• Excerpted records
┌──

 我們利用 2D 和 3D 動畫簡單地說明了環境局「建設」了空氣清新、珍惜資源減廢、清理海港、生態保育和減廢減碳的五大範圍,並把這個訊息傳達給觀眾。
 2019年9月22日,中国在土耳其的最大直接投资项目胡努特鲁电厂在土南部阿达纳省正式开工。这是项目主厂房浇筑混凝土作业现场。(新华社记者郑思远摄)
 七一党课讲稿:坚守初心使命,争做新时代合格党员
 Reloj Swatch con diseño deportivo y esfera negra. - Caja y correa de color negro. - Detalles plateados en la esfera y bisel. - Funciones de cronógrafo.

└──
┌──

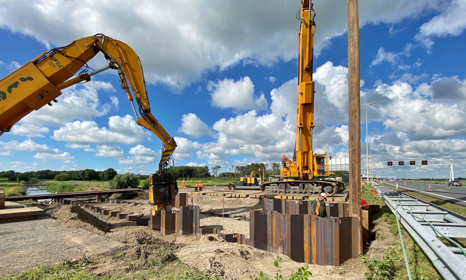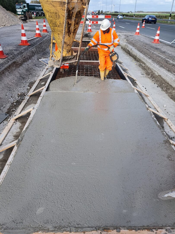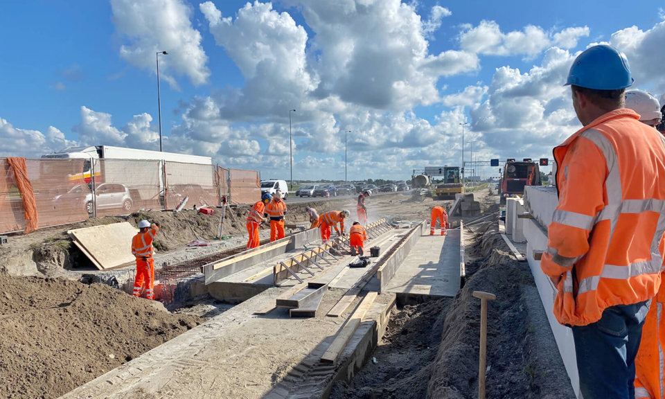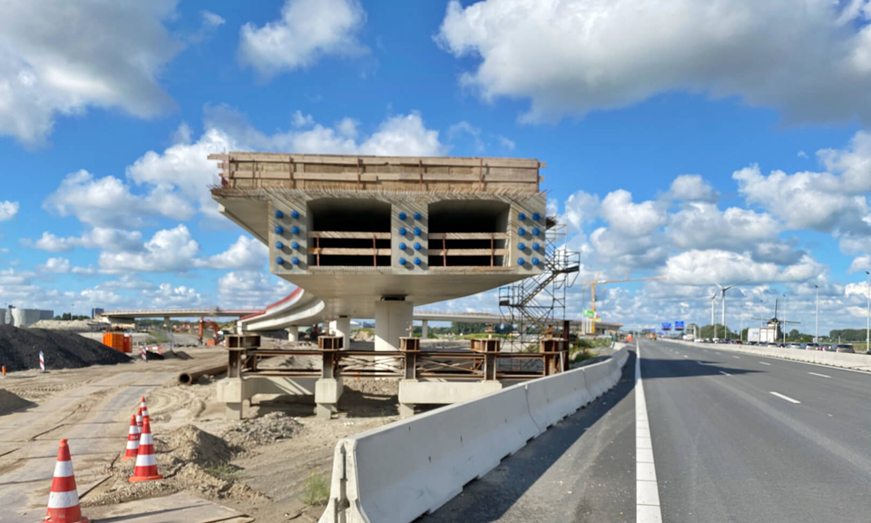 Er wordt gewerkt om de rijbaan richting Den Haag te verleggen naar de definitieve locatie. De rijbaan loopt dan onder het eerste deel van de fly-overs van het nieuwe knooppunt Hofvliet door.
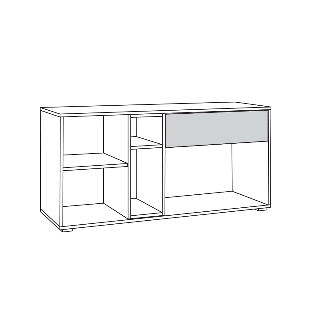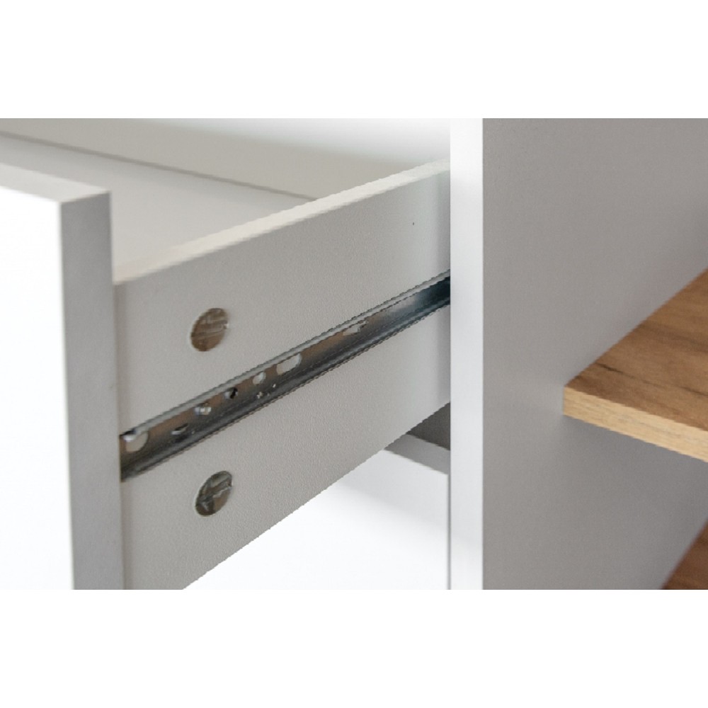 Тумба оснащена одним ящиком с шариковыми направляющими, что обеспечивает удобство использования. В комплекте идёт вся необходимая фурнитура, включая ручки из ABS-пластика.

└──

• Work to complete
Output exactly, and only, the lines of the entries above from the one with "Er wordt gewerkt" up to and including the one with "Тумба оснащена одним"; pictures are to be left out.

• Solution to this task
 Er wordt gewerkt om de rijbaan richting Den Haag te verleggen naar de definitieve locatie. De rijbaan loopt dan onder het eerste deel van de fly-overs van het nieuwe knooppunt Hofvliet door.
 Тумба оснащена одним ящиком с шариковыми направляющими, что обеспечивает удобство использования. В комплекте идёт вся необходимая фурнитура, включая ручки из ABS-пластика.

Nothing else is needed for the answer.